Tom Carson, a spokesman for U.S. Attorney Kevin O'Connor in Connecticut, declined to comment, as did Bryan Sierra, a spokesman for the Justice Department in Washington and SEC spokesman John Nester.
Amaranth, named for an imaginary flower that never fades, had gained more than 25 percent earlier this year on bets that natural-gas prices would rise. Prices tumbled this month, triggering losses that grew as it scrambled to unwind trades.
"Potentially, [the new investors] bought at a very good price," said Mark Williams, a finance professor at Boston University and former risk manager of electricity trader Citizens Power. "If they have a longer time horizon and they can withstand the volatility and the short-term fluctuations, they then have a good chance of making some serious cash."
Amaranth spokesman Shawn Pattison declined to comment. A call to Scott Rafferty, managing director at Citadel, wasn't immediately returned.
Some of Amaranth's energy investments consist of positions in gas futures, options and over-the-counter contracts that would gain in value as prices rise, according to one person with knowledge of the situation.
Amaranth, which made so-called spread trades that aim to profit from price discrepancies among different contracts, was at least the second hedge fund to be rocked by bad investments in natural gas. MotherRock LP, a $400-million fund run by former New York Mercantile Exchange President Robert "Bo" Collins, closed last month.

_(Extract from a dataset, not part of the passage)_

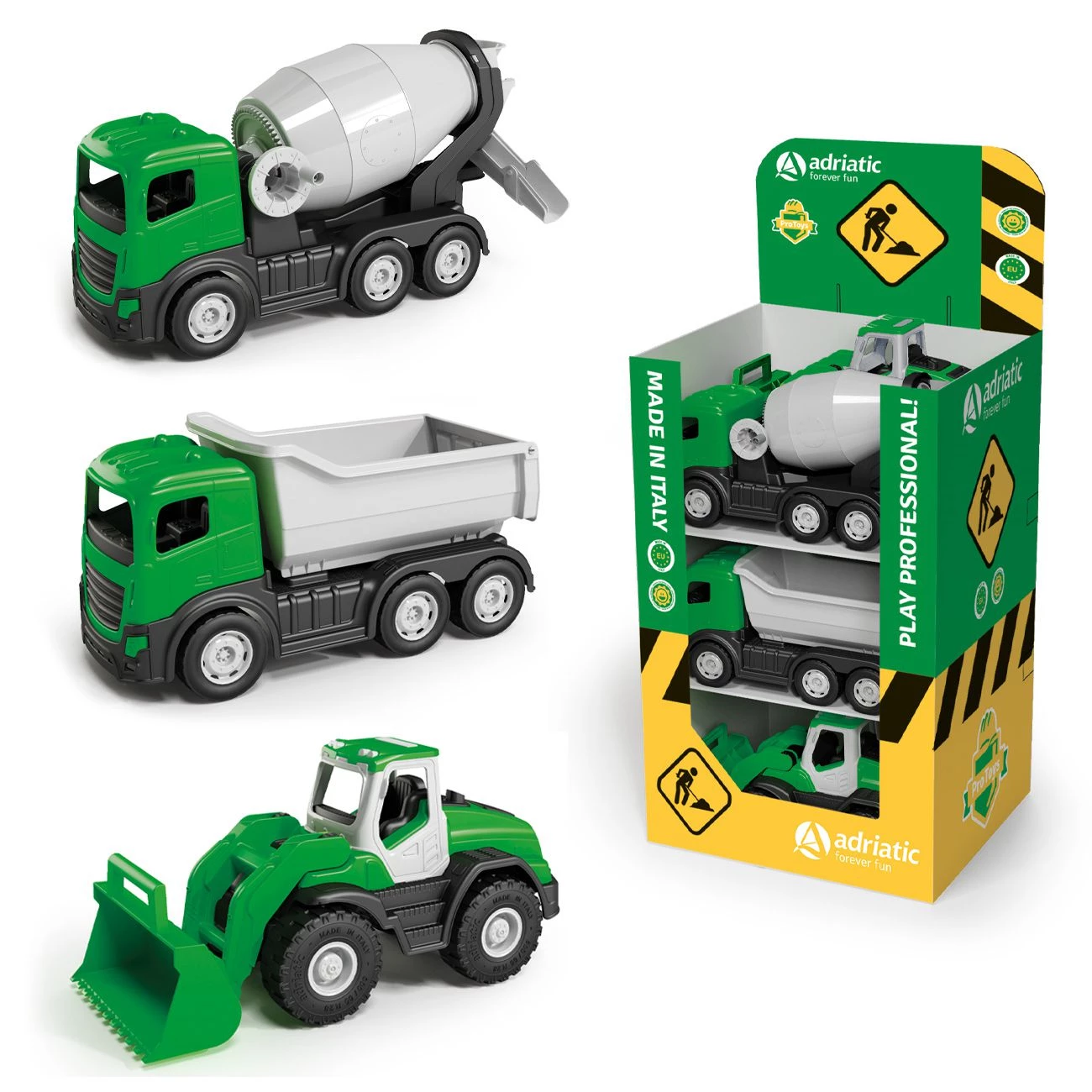 Gradbena vozila v displayu 9 kos, 3 modeli, tovornjak, traktor, hruška. Različne velikosti od 37 - 40 cm. Velikost tovornjaka: 37 x 15 x 17,5 cm Velikost traktorja: 38 x 17 x 18,5 cm Velikost hruške: 40 x 15 x 22 cm.
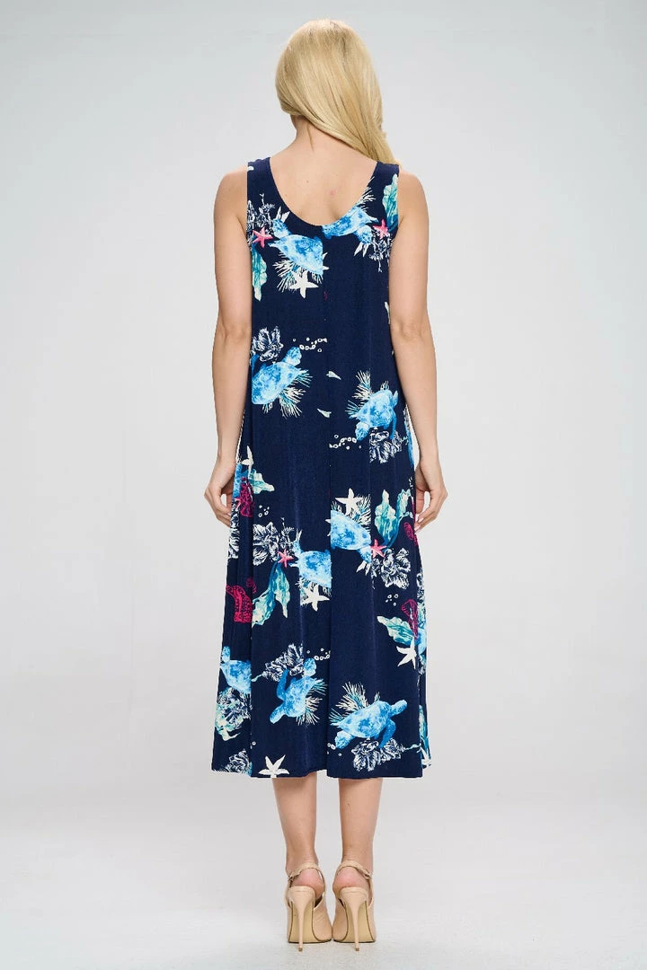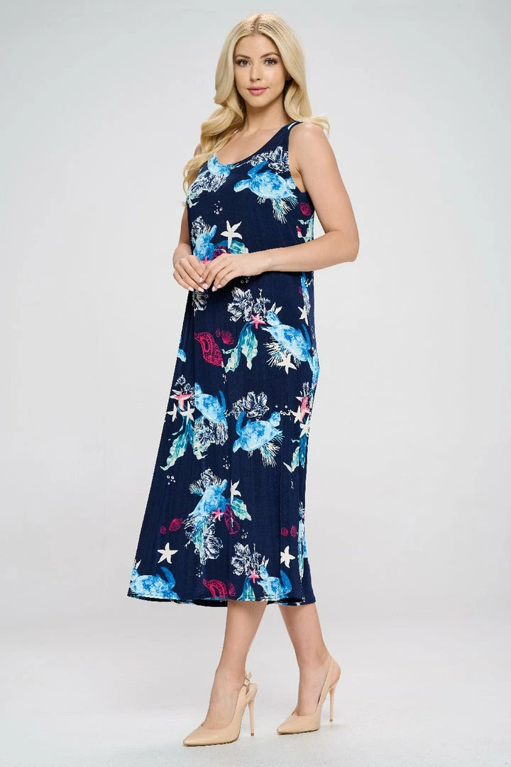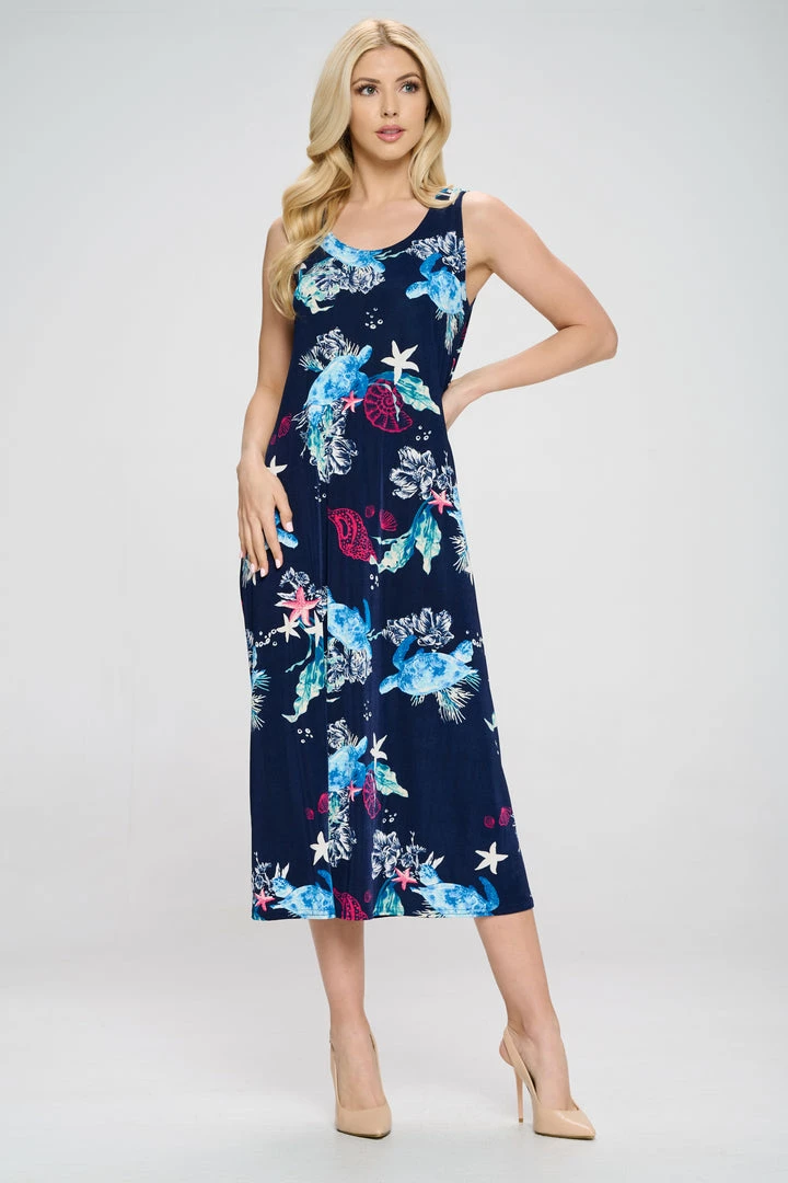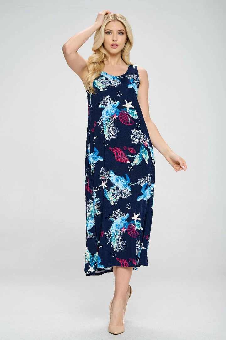 - Sleeveless and soft round-neckline long dress with a variety of prints available and 50 inches in length.

"It's certainly a reminder that investing in certain hedge funds is a risky business," Securities and Exchange Commission Chairman Christopher Cox said yesterday. "It's not for mom and pop."
So-called funds of funds that invested with Amaranth may bear much of its losses. Goldman Sachs Dynamic Opportunities Ltd., a London-based fund, reported that it sustained losses on an investment whose description fits Amaranth.
Morgan Stanley, Credit Suisse Group, Bank of New York Co., Deutsche Bank AG and Man Group PLC all run funds of funds that had investments in Amaranth as of June 30.
Amaranth was founded by Maounis, a University of Connecticut finance graduate. After working at Greenwich-based Paloma Partners for 10 years, Maounis, 43, left to found Amaranth with 27 employees and $450 million in 2000.
The firm occupies a beige, four-story office next to a pond and manicured lawn with a fountain in Greenwich, home to more than 100 hedge funds, private pools of capital that allow managers to participate substantially in the gains on clients' investments. The building houses a gym and a game room, with pool tables for employees.
After starting in convertible-bond trades and betting on stocks of merging companies, Maounis expanded into energy, hiring former Deutsche Bank trader Brian Hunter. As of June 30, energy trades accounted for about half of the capital in Amaranth's funds and generated about 75 percent of its profit.
Earlier this month, Amaranth bought a portfolio of gas trades from Amsterdam-based ABN Amro Holding NV, which itself had taken them over from MotherRock. It was Hunter, 32, who orchestrated the bets that triggered Amaranth's losses.
"If one is speculating in that kind of market, there's going to be some downside risk," said Shannon Burchett, who traded oil for JPMorgan Chase & Co. and Citigroup Inc. in the 1990s and now runs an energy consulting firm in Dallas. "They should have the controls and risk management strategies in place to mitigate those kind of outcomes."